The current study deviated from previous research in humans that directly stimulated the hippocampus, a brain region with strong links to mood and memory. Past studies found that humans experienced either no effect or their memory suffered as a result of such stimulation. 

In the CHOP study, researchers chose to stimulate a brain region upstream from the hippocampus, known as the entorhinal (Ent) cortex, and study both memory and mood effects in lab mice. Their choice was based on prior research that found stimulation of this part of the brain improved memory and learning in both animals and humans. 

The current study marked the first time researchers looked at whether stimulating the entorhinal cortex could affect mood. 

In mice, Ent "stimulation" was achieved through genetic engineering. Researchers suppressed a protein in the Ent-hippocampal pathway associated with stress and inhibited cell firing. With more Ent neurons firing, hippocampal neurons were produced at a faster rate.

The mice were put through a variety of behavioral tests to monitor their moods after stimulation. 

In a forced swim test, for example, a researcher observes how a mouse behaves after being placed in a beaker of water. Mice respond by moving until they become immobile and float. A shorter duration of immobility signifies antidepressive behavior. 
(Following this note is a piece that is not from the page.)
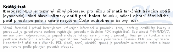 Iberogast NEO je rostlinný léčivý přípravek pro léčbu příznaků funkčních trávicích obtíží (dyspepsie). Mezi hlavní příznaky obtíží patří bolest žaludku, pálení v horní části břicha, pocit plnosti po jídle a časné nasycení. Čtěte pozorně příbalový leták.
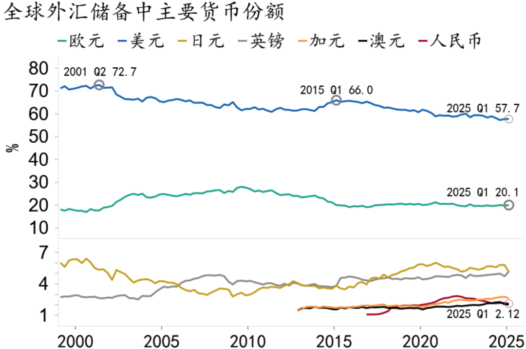 2001年至今,美元在外储中的占比从73%持续回落至58%(图3),驱动因素可能包括美国金融制裁的溢出效应、非美货币国际竞争力提升、央行储备资产管理策略多元化等。尽管美元的主导优势边际下降,但在全球储备资产中的核心地位仍然稳固。

Feeding tests gauge how anxious a mouse is to approach a food pellet. When mice approach the pellet in a shorter timeframe, researchers see their pursuit of something pleasurable as showing more antidepressive behavior.

It was not immediately clear how these findings would translate into treatments for humans, where "stimulation" of the hippocampus is typically administered using electroconvulsive therapy (ECT) and similar methods. 

"We are strictly basic scientists at this point, but our ultimate goal is to improve the human condition," Eisch told PhillyVoice. "We imagine the benefit of our work is that it indicates the strength of focusing on particular cells rather than brain regions, which is what ECT and deep brain stimulation currently do."

The potential breakthrough in the current study is that it points toward a shift from "non-specific" regional targeting to cell- or circuit-specific interventions.

In theory, though still entirely speculative at this point, Eisch said that gene editing could play a factor in future treatments for clinical depression in people. 

"In the realm of not too far away, it's a neuroscientist's science fiction dream — non-invasive treatment with cell- or circuit-specific targeting, Eisch said. "Something taken orally or placed on the skin. There is no medication that one can take to drive gene-editing or manipulate genes right now. It's really speculative, but it's exciting speculative." 

Eisch said the goal is developing treatments that can help the broadest number of people and minimize the negative side effects and risks of current approaches. 

“This is a first step, so there is much research to be done to determine if we can translate this knowledge into practical, noninvasive treatments for people with depression,” Eisch said. “Existing brain stimulation therapies for depression are extremely helpful for many patients, but they don’t work for everyone, and they also have side effects such as memory loss and cognitive impairment. It is important to increase the number of tools available to treat depression, and find those with fewer side effects as well.”